A small library of utilities for making it simpler to read from, write to, and generally interact with BigQuery within your Apache Beam pipeline.
Requirements:
- Java 1.8+
- Apache Beam 2.x
Releases are published t 8000 o Maven Central.
Maven projects would simply add a dependency like so:
<dependency>
<groupId>com.windfalldata</groupId>
<artifactId>beam-bigquery-utils</artifactId>
<version>${version}</version>
</dependency>
If you commonly read from BigQuery as an input source, then you have likely faced the process of transforming
PCollections of TableRows into a data object that is a little more user friendly. Behind the scenes,
TableRow objects are really just JSON. We use that fact to utilize the robust Jackson JSON parsing framework to
handle the transformations for us.
An example:
Pipeline p = Pipeline.create(options);
String bqQuery = ...;
PCollection<TableRow> tableRows = p.apply(BigQueryIO.read().fromQuery(bqQuery));
PCollection<MyObject> mappedObjects = tableRows.apply(new MapTableRow<MyObject>(MyObject.class) {});
In the example above, we are using the MapTableRow transform to convert the PCollection<TableRow> into a typed
PCollection of our own object type, MyObject.
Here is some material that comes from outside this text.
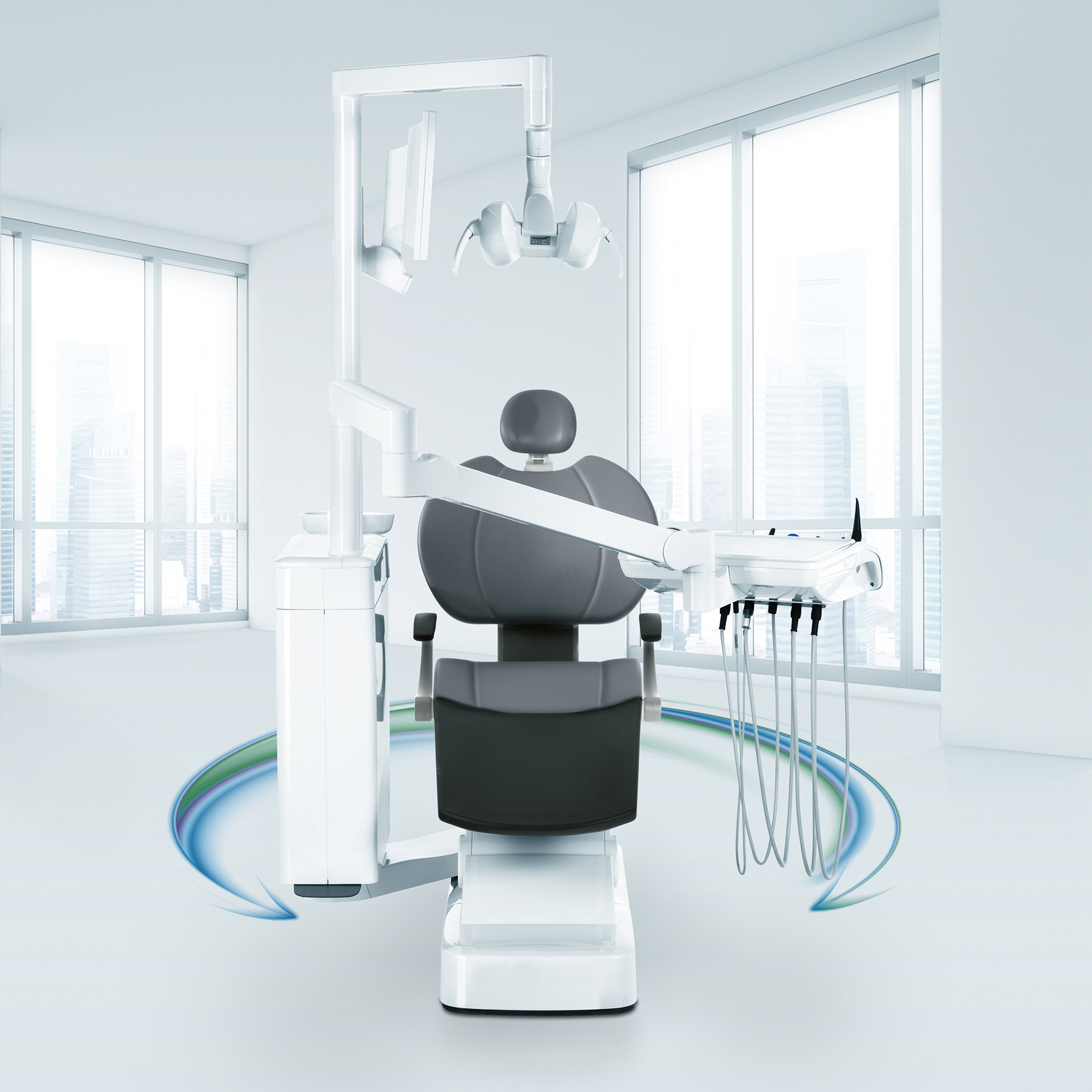 > Behandlingsstolen står alltid på samma plats vilket ger dig oförändrad närhet till skåpinredning och fast installerad utrustning, såsom intraoral röntgen m.m.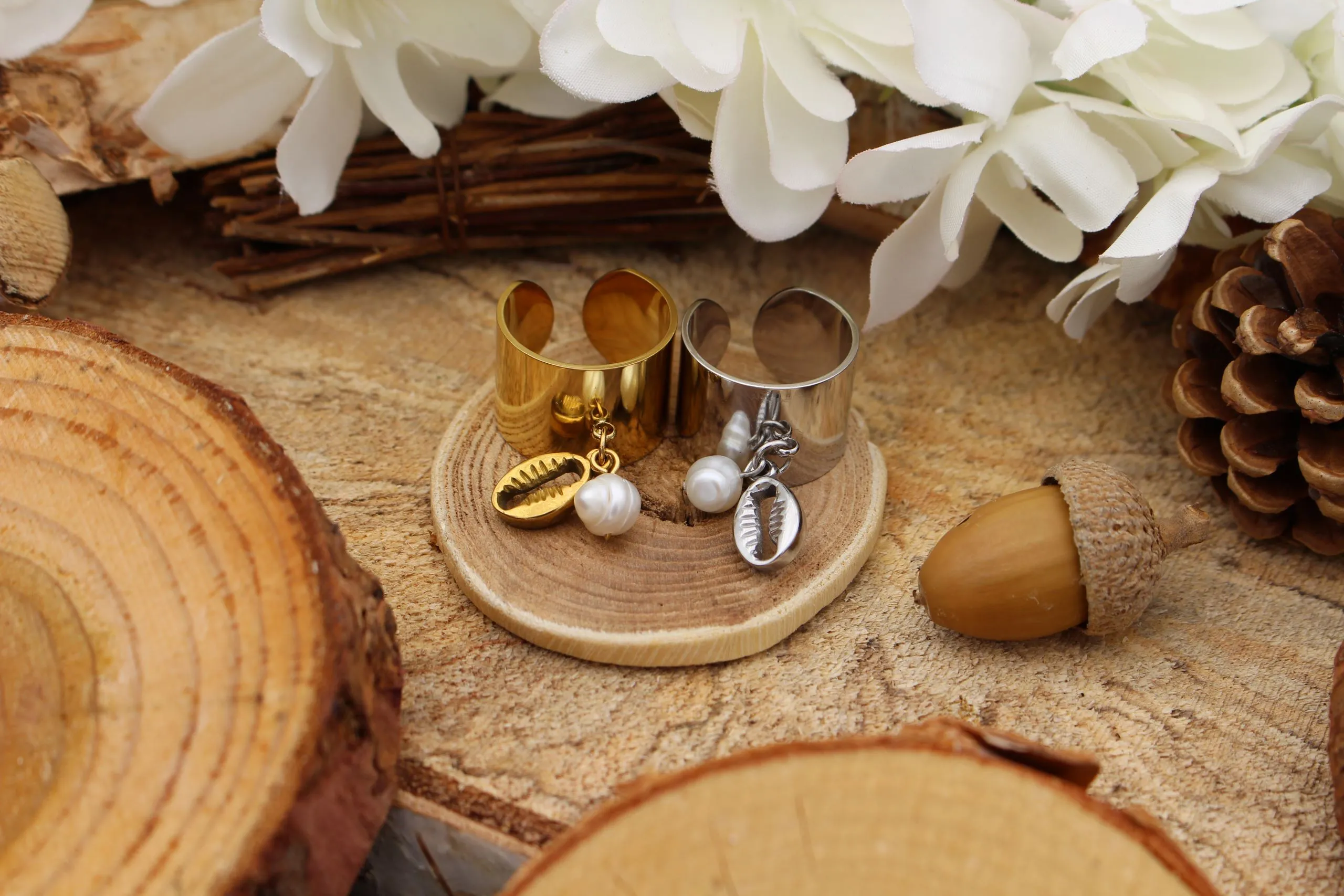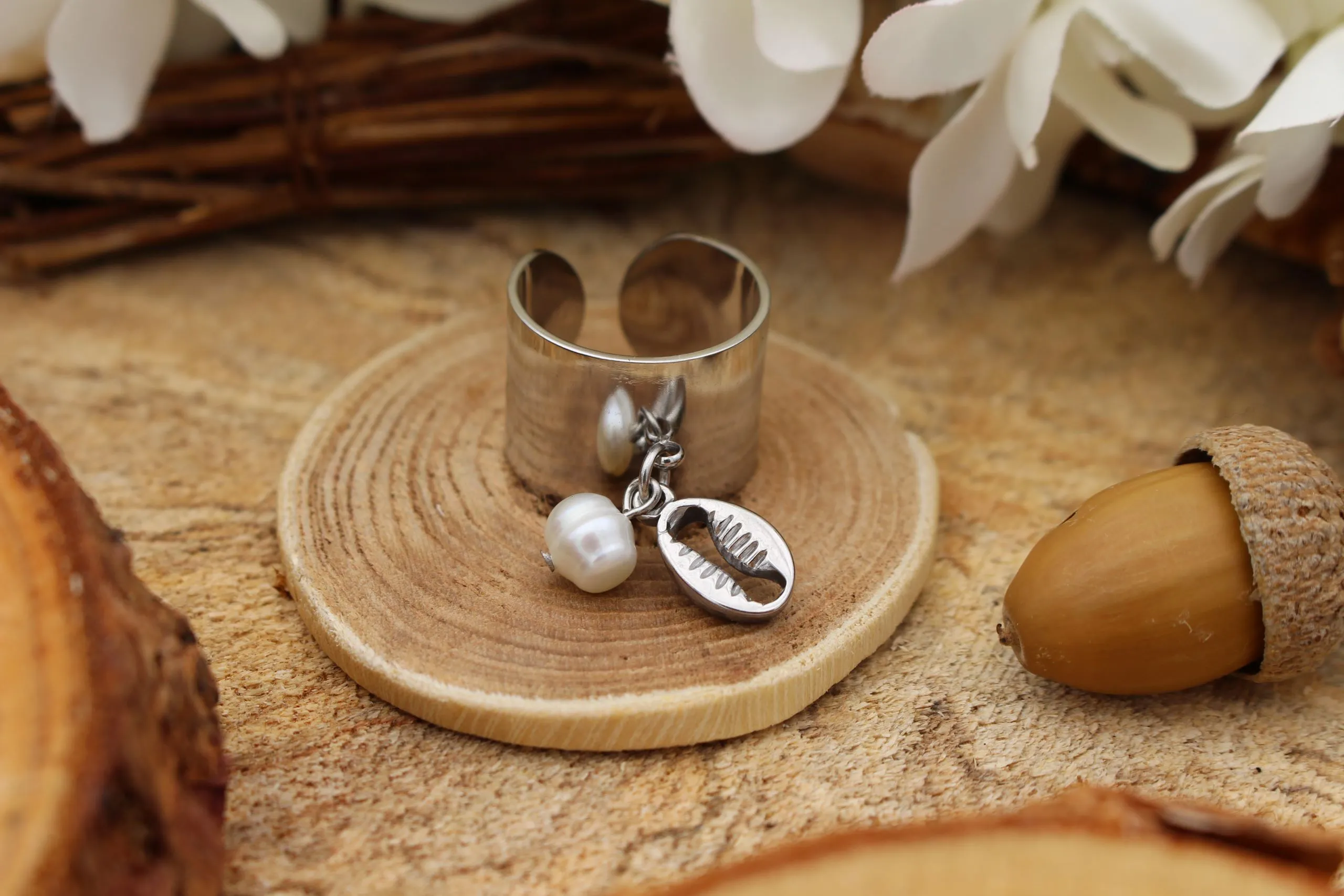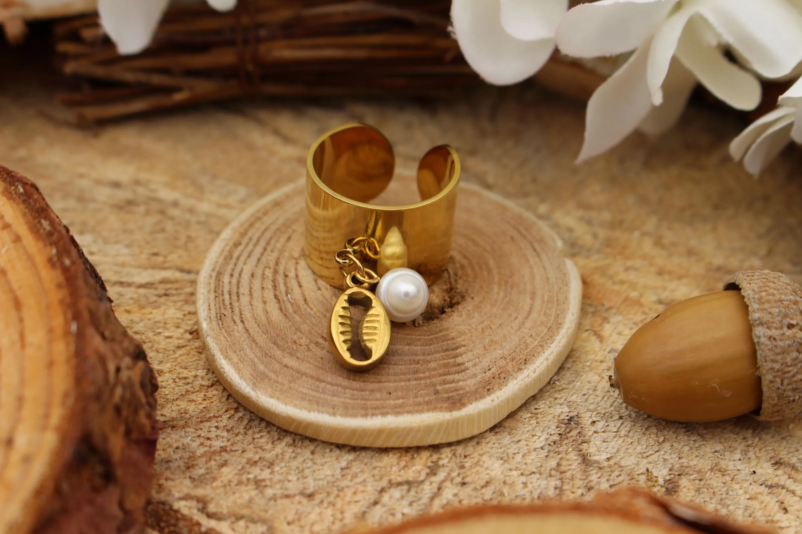 Bague Breloque Coquillage-Perle est une bague réglable large ouverte avec une breloque en forme de coquillage de type Cori accompagné d’une perle de culture synthétique. Elle fera un cadeau idéal pour un anniversaire, pour noël et pour la saint Valentin par exemple ! Directement emballé dans son pochon en toile d’origine et donc prêt à offrir si vous le souhaitez. Vous pouvez également choisir une boîte cadeau pour marquer le coup en allant en choisir une dans notre rubrique Boîte Cadeau. Même si vous décidez de prendre une boîte cadeau, le pochon en toile d’origine sera automatiquement fournit avec !

The MapTableRow transform is already configured to handle mappings to the newer Java8 types including LocalDate,
LocalDateTime, Optionals, and more.
Warning: Make sure your Coder library supports the types you are serializing into. For example, the default
AvroCoder does not handle LocalDates.
Writing to BigQuery, and particularly maintaining the schema definitions, can be a challenge in rapidly evolving
code bases or that have complicated table row structures. We made a transformation that will automatically create
the BigQuery TableSchema for you based off of the Class type of the PCollection.
An example:
Pipeline p = Pipeline.create(options);
...
PCollection<MyObject> collection = p.apply(...);
// Writes the PCollection to the table provided in the options.
collection.apply(new BigQueryIOWriterTransform("gcp-project-id",
"target_dataset",
"target_table",
MyObject.class));
In the above example, we are using the BigQueryIOWriterTransform to write to the BigQuery table
target_dataset.target_table without defining the table schema or mapping to TableRow objects.
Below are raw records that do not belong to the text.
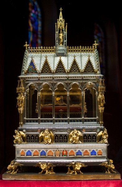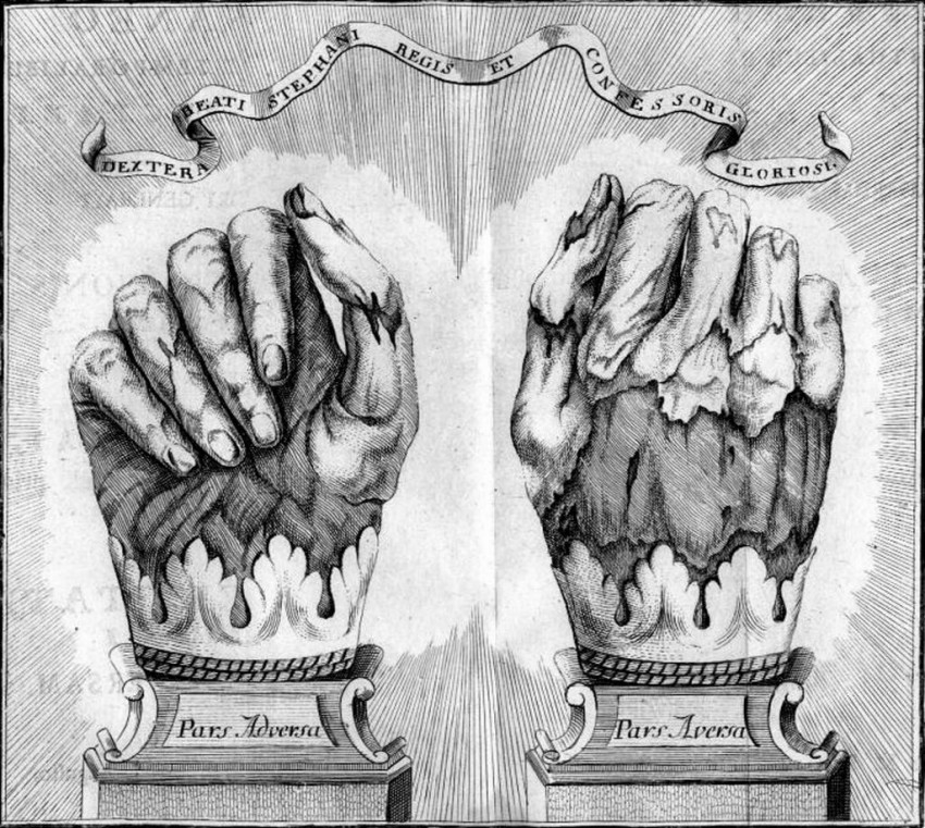 Szent István király kézereklyéjének története a 11. századra nyúlik vissza. Istvánt 1038-ban Fehérvárott helyezték végső nyugalomra, ám a halálát követő trónviszályok miatt a káptalan – félve a holttest megszentségtelenítésétől – a Nagyboldogasszony-bazilika közepén álló márványszarkofágból áthelyeztette a bazilika alatti sírkamrába. Hartvik püspök legendája szerint ekkor választották le a mumifikálódott jobb kezet, mivel csodás erőt tulajdonítottak neki. A kincstár őre, Merkur őrkanonok azonban – ahogy később, felelősségre vonásakor állította – egy angyal megbízására „eltulajdonította”, majd a birtokán elrejtette az ereklyét. Arra hivatkozott, hogy a zavaros időkben biztonságos helyen akarta őrizni.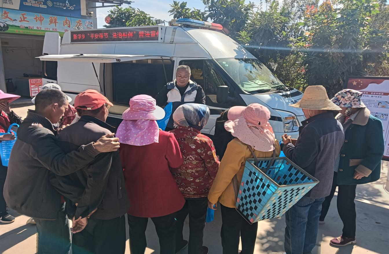 春节将至,为营造安定祥和的节日氛围,进一步增强广大群众的法治观念和法治意识,提升深化普法强基补短板专项行动质效,提高普法针对性和实效性。2024年12月18日,元谋县司法局联合新华乡人民政府,利用新华乡街天群众赶集日,紧抓春节前后返乡、外出高峰重要节点,开展“平安春节,法治相伴”普法基层行活动,为辖区群众度过一个祥和、幸福喜乐的新春佳节营造浓厚的法治氛围。
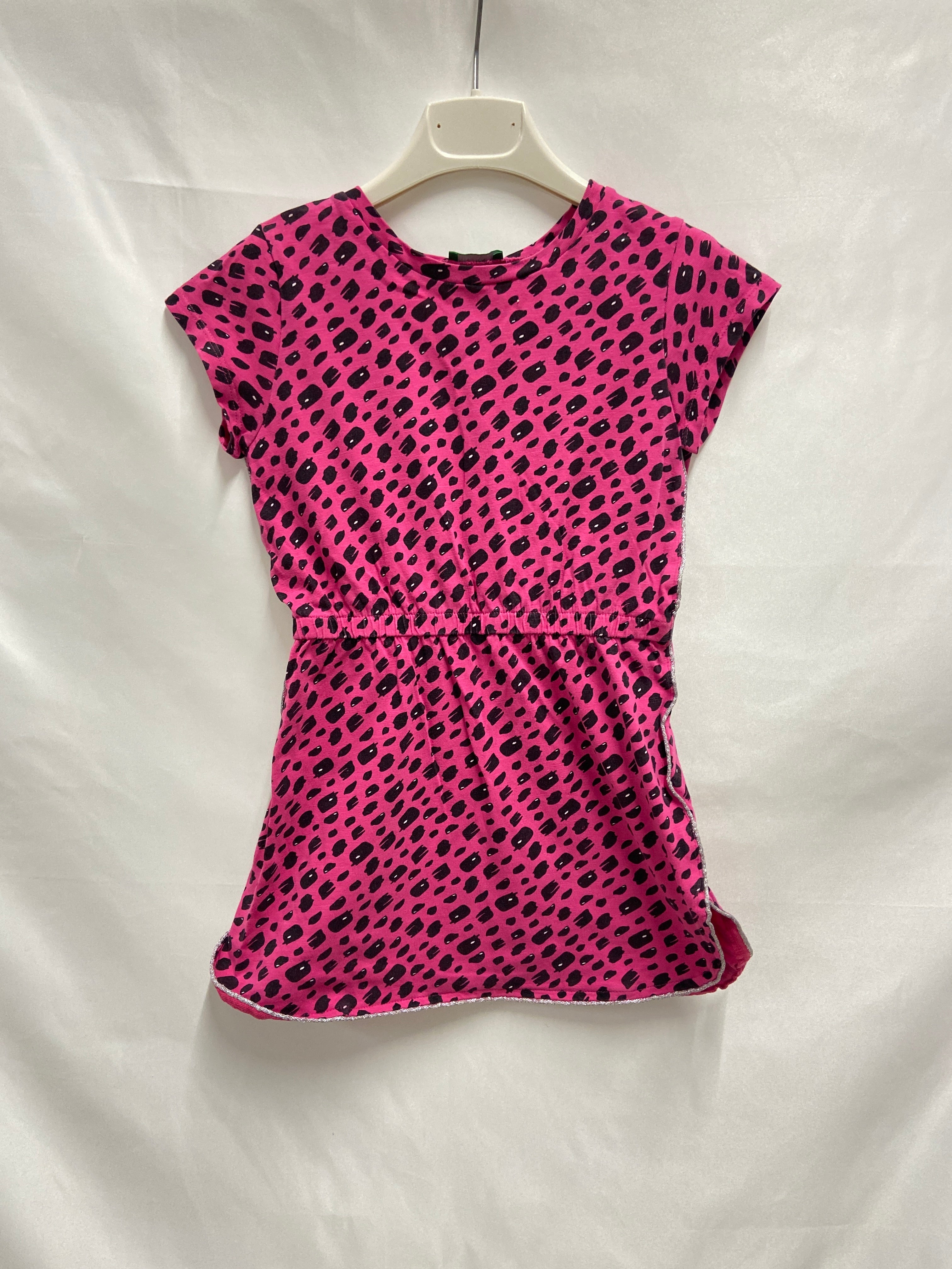 Questo adorabile vestitino in un vivace fucsia è il sogno di ogni piccola fashionista! Caratterizzato da un divertente motivo a macchie, aggiunge un tocco di originalità e allegria al guardaroba. La vita elastica assicura una vestibilità confortevole, perfetta per le avventure quotidiane e i giochi all'aperto. Le maniche corte lo rendono ideale per le giornate estive, mentre il taglio a trapezio dona libertà di movimento. Nonostante sia un capo usato, è in ottime condizioni e pronto a fare colpo! Un must-have per chi ama esprimere il proprio stile con un pizzico di creatività!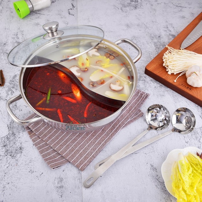 Nồi lẩu inox 2 ngăn tiện dụng, với nắp đậy bằng kính cao cấp có thể nấu 2 loại lẩu 1 lúc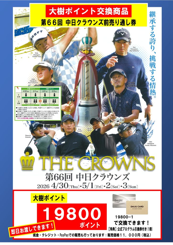 【大樹ポイント交換商品】中日クラウンズ前売りチケット

The BigQueryIOWriterTransform uses a mechanism to infer the table schema of your source object by
looking for fields or methods annotated with the @BigQueryColumn annotation.
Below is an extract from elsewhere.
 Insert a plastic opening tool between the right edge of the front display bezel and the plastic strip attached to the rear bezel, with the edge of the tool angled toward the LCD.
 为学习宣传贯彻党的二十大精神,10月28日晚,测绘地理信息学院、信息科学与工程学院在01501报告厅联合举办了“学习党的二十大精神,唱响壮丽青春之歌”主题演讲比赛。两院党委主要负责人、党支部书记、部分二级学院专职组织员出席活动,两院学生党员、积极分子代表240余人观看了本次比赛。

The @BigQueryColumn annotation is required in order to use the BigQueryIOWriterTransform. It provides
the mechanism by which the transform is able to infer the table schema and also perform the mappings to
table row objects.
Features of the annotation:
- Can be applied to either fields or methods.
- the field/method does not need to be visible.
- It works on all java types, including typed collections.
- Collections will created as nested repeated columns.
- Column descriptions can be added to the table schema
- Required columns can be declared
- Conversions of values from String types to Doubles, Longs, or Booleans
- Serialize to json within a column
A simple class:
Java Class:
public class MyClass {
@BigQueryColumn(required=true) private String value;
@BigQueryColumn private long aNumber;
@BigQueryColumn private boolean aBoolean;
}
Schema:
{
"fields":[
{ "name":"value", "type": "STRING", "REQUIRED":true },
{ "name":"aNumber", "type": "INTEGER" },
{ "name":"aBoolean", "type": "BOOLEAN" },
]
}
Methods or Getters:
Java Class:
public class MyClass {
private String value;
@BigQueryColumn
public String getValue() { return value; }
@BigQueryColumn
public long aNumber() { return 42; }
}
Schema:
{
"fields": [
{ "name":"value", "type": "STRING" },
{ "name":"aNumber", "type": "INTEGER" }
]
}
Documenting Columns:
Java Class:
public class MyClass {
@BigQueryColumn(name="str_value", description="String value column")
private String value;
}
Schema:
{
"fields": [
{ "name":"str_value", "type": "STRING", "description":"String value column" }
]
}
Simple Collections:
Java Class:
public class MyClass {
@BigQueryColumn(name="my_str_list", isSimpleCollection = true)
private List<String> list;
@BigQueryColumn(name="my_int_list", isSimpleCollection = true)
private List<Integer> list2;
}
Schema:
{
"fields": [
{ "name":"my_str_list", "type":"STRING", mode:"REPEATED" },
{ "name":"my_int_list", "type":"INTEGER", mode:"REPEATED" }
]
}
Nested Objects and Collections:
Java Class:
public class MyClass {
@BigQueryColumn
private MyOtherClass other;
@BigQueryColumn
private List<MyOtherClass> others;
public static class MyOtherClass {
@BigQueryColumn
private String value;
}
}
Schema:
{
"fields": [
{
"name":"other",
"type":"RECORD",
"fields":[
{ "name":"value", "type":"STRING" }
]
},
{
"name":"others",
"type":"RECORD",
"fields":[
{ "name":"value", "type":"STRING" }
],
"mode":"REPEATED"
}
]
}
Converting Columns to Other Types
Java Class:
public class MyClass {
@BigQueryColumn(convertTo=Long.class)
private String myNumbers;
@BigQueryColumn(convertToJson=true)
private List<Integer> jsonNumbers;
@BigQueryColumn(convertToJson=true)
private List<SomeOtherClass> jsonRecordList;
}
Schema:
{
"fields": [
{ "name":"myNumbers", "type":"INTEGER" },
{ "name":"jsonNumbers", "type":"STRING" },
{ "name":"jsonRecordList", "type":"STRING" }
]
}